Let's do Anomaly detection. Write a routine `is_ok`:

```python
def is_ok(level, t)
```

which takes a tuple like the one yielded by your code above and returns True if the value is inbetween `level`-$\sigma$ of the mean.

In [20]:
#your code here
def is_ok(level, t):
    n, num, mu, stddev = t
    return (-level * stddev + mu) <= num <= (level * stddev + mu)

We use this function to create a predicate passed through to `itertools.filterfalse` which is then used to obtain an iterator on the anomalies.

In [21]:
from itertools import filterfalse
pred = lambda t: is_ok(5, t)
anomalies = filterfalse(pred, data_with_stats)

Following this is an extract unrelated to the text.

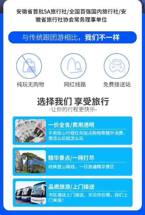 100% pure play with no shopping stops, no store visits, with pickup from downtown hotels and drop-off at Huangshan North Station

We materialize the anomalies...

In [22]:
list(anomalies)#materialize

[(1, 999999999.8438935, 999999999.8438935, nan),
 (3250, 1000000017.4806058, 999999999.9445951, 2.8618371303328543),
 (3712, 1000000015.282047, 999999999.9473315, 2.8614212998204924),
 (4510, 1000000014.9706957, 999999999.9714713, 2.8995781131968394),
 (6462, 1000000014.5301795, 999999999.967669, 2.895039700137576),
 (7129, 999999981.1367793, 999999999.9767876, 2.902447704549819),
 (11578, 999999985.1587152, 999999999.9761664, 2.907613608242672),
 (11796, 1000000015.3252591, 999999999.9796087, 2.908895229689659),
 (12792, 999999985.3967189, 999999999.9842292, 2.904821794040266),
 (18642, 999999984.8977883, 999999999.9821388, 2.880160124206725),
 (26419, 999999983.3929456, 999999999.9966364, 2.8908546264597046),
 (28126, 999999985.5261078, 999999999.9923877, 2.8915093148400635),
 (28457, 1000000015.1930368, 999999999.9914454, 2.893201648755465),
 (30050, 999999985.3163742, 999999999.9905875, 2.894027969360338),
 (34428, 999999983.7703326, 999999999.9933141, 2.8957794433063615),
 (42559,

## To think of, but not hand in

What kinds of anomalies will this algorithm pick up? What kinds would a shorter "window" of anomaly detection, like 100 points around the time in question pick? How might you create an algorithm which does window based averaging? (hint: the window size is small compared to the time series size). 

Finally think a bit of how you might implement all of this in a production environment..remember that data streaming in might get backed up when you handle an anomaly.

(Some inspiration might accrue if you look at the docs for `collections.deque`).